体験や探究を重視した主体的な学習を行っている学校は成績がいい、という傾向が見えてきます。高校まで広げても、探究学習などに力を入れていて、大学受験で優秀な成績を残している、という例がいくつもある。ただ、そこで「トップ大学合格のために、体験学習重視の学校に子どもを入学させる」となってしまっては本末転倒ですが。

 私も面白い取り組みをしている学校は積極的に紹介するようにしています。たとえば京都市立堀川高校では、1999年から「探究科」を設置。高校1年生から、生徒が自ら課題を設定して探究する、いわば自由研究のような授業があり、生徒は定期的な発表を経ながら最終的には研究を論文としてまとめます。自分が探究したい課題のために、高1でも高3の数学を勉強する生徒もいる。指導には教員だけでなく、京都大学の大学院生がアシスタントとして入ったりもします。
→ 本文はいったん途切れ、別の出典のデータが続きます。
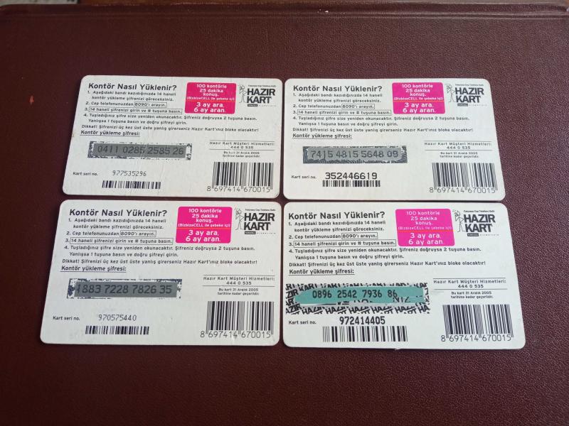 Çok iyi kondisyonda koleksiyonluk mükemmel görselli 4 âdet Turkcell hazır kart.
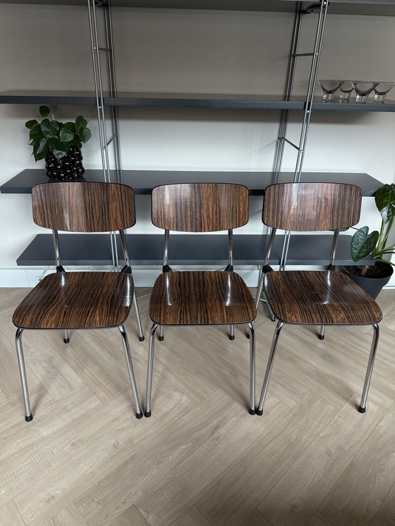 Set of 3 retro brown/wood formica & chrome (dining room) chairs + optional 1 free, so then 4 total (which is not so stable anymore and has a little damage, see last photo)
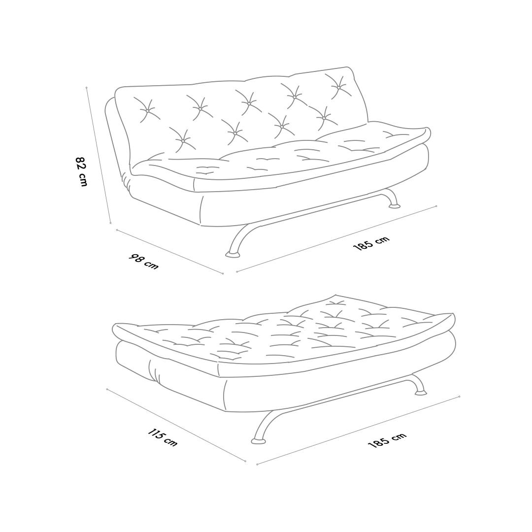 Measuring 63 cm x 185 cm x 82 cm as a sofa and 115 x 185 cm as a bed, this sofa-bed is perfect for small spaces or guest rooms. The wipeable fabric makes cleaning a breeze, while the metal legs add a modern touch to your decor. The legs are sent disassembled for easy transportation and assembly.
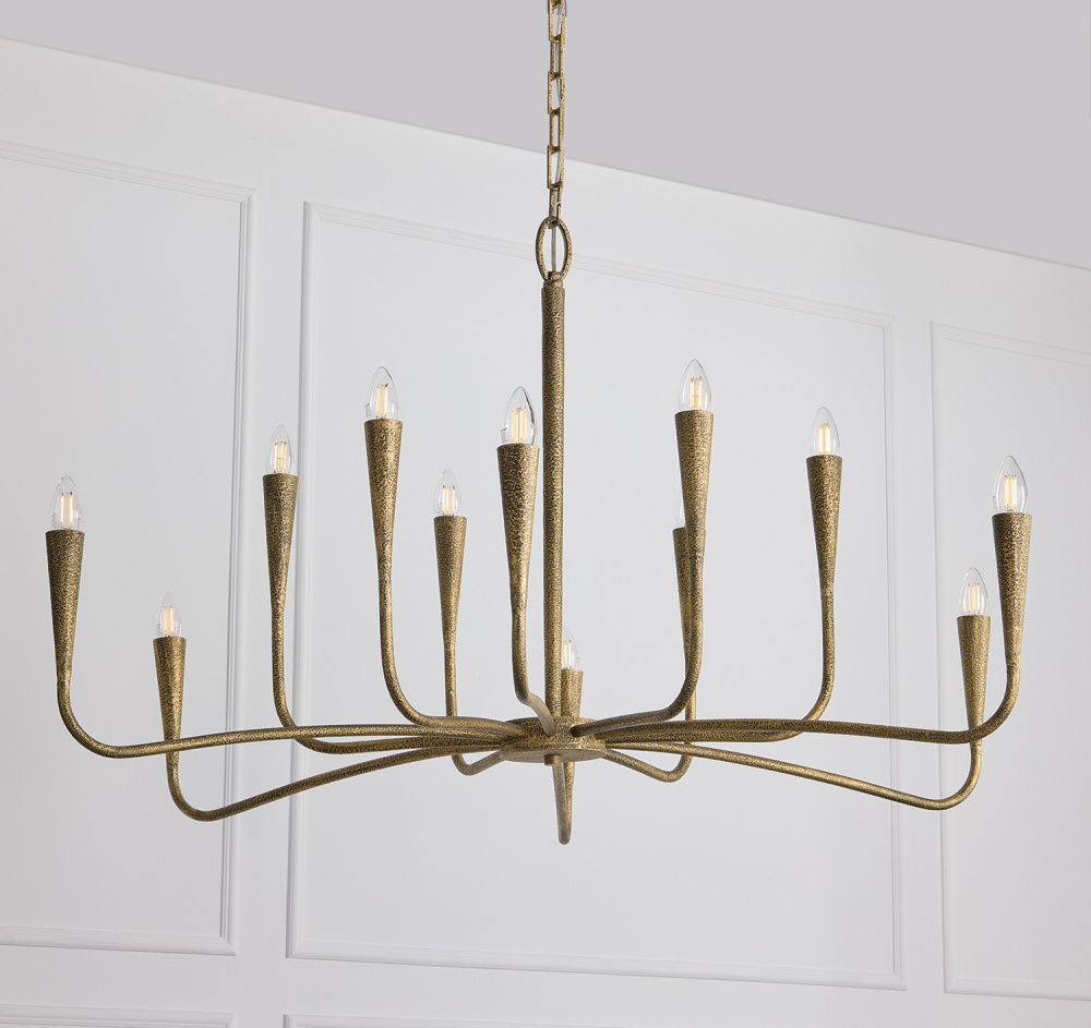 A unique, sweeping silhouette and handcrafted finish form the Savari Grand Chandelier. A smooth transition between arms and candle sleeves gives this luminaire a seamless look, complemented by the elevated aesthetic of slightly sunken sockets and designer chains. With layers of hand-painted texture, the Artisan Gold finish creates captivating dimension at every glimpse.
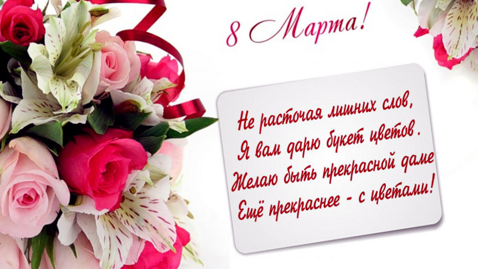Поздравляю с праздником весны! Пусть жизнь всегда будет наполнена ароматами цветущих цветов, плодами хороших дел и гармонией с окружающим миром. Пусть рядышком по жизни шагают счастье, благополучие и везение! С днем 8 марта!
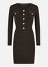 In an all over metallic stretch knit, this little mini dress is the perfect work to weekend option. With military nods in the buttons and pocket details, this fitted dress hugs your body to show off your figure. Style with boots and tights for work, and add heels for the weekend.
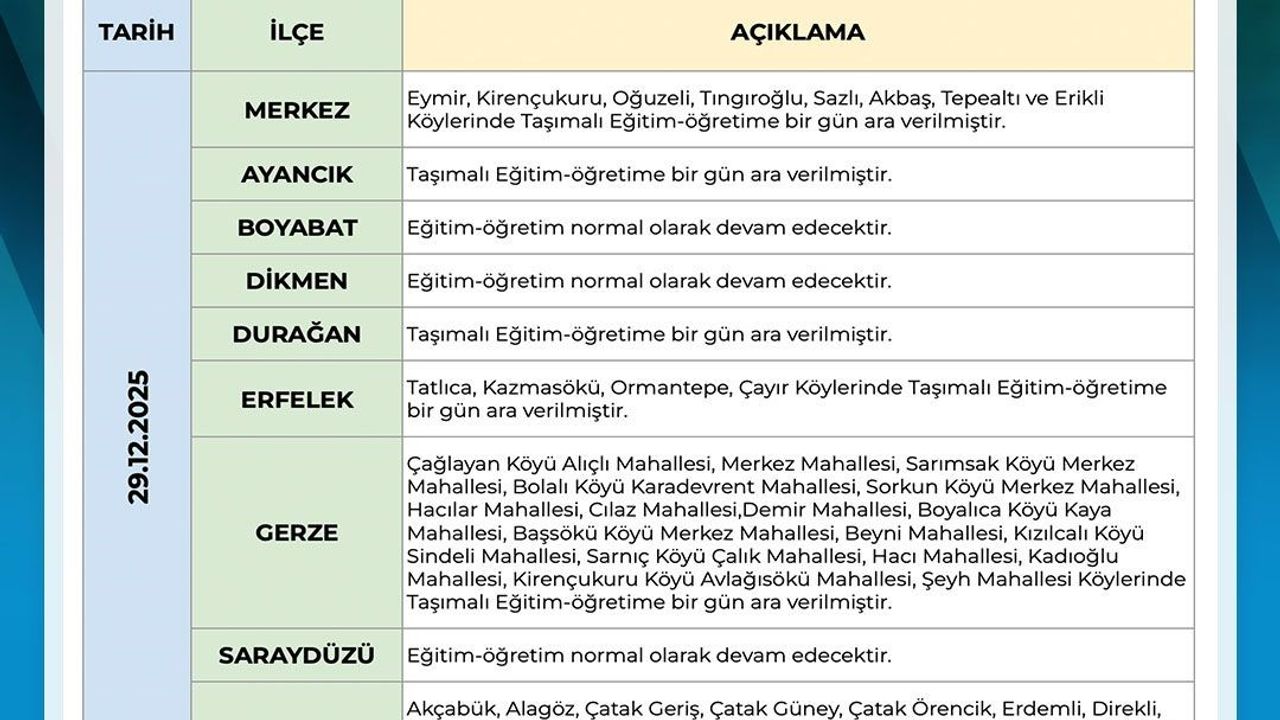 Sinop Valiliğinden yapılan açıklamada, olumsuz hava şartlarının ulaşımda risk oluşturabileceği değerlendirilerek 29 Aralık 2025 Pazartesi günü Ayancık ve Durağan ilçelerinde taşımalı eğitimin tamamen durdurulduğu bildirildi. Merkez ilçe ile birlikte Erfelek, Gerze ve Türkeli'nin bazı bölgelerinde ise taşımalı eğitime kısmi olarak ara verildi. Boyabat, Dikmen ve Saraydüzü ilçelerinde eğitim öğretimin normal şekilde devam edeceği ifade edildi.
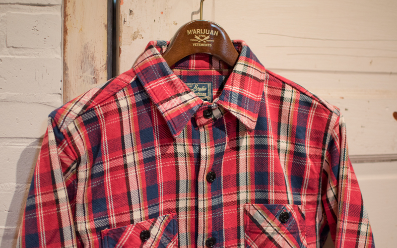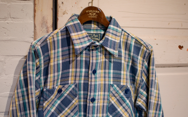 上記のネルシャツよりもさらに度詰めされ、がっしりとした生地感となったヘビーネルに、

 ぜひメディアの方々には、こうした新たな「学力」養成に向けて実践に精を出している学校をもっと取り上げてほしいですね。積極的に地域ごとの興味深い学校を紹介し、シリーズ化して全国の注目校を取り上げていく。そうした企画が増えれば、私を含めた読者にとっても、ランキングの見方や、新たな「学力」のあり方を考えさせてくれる、絶好の契機になるはずだと思います。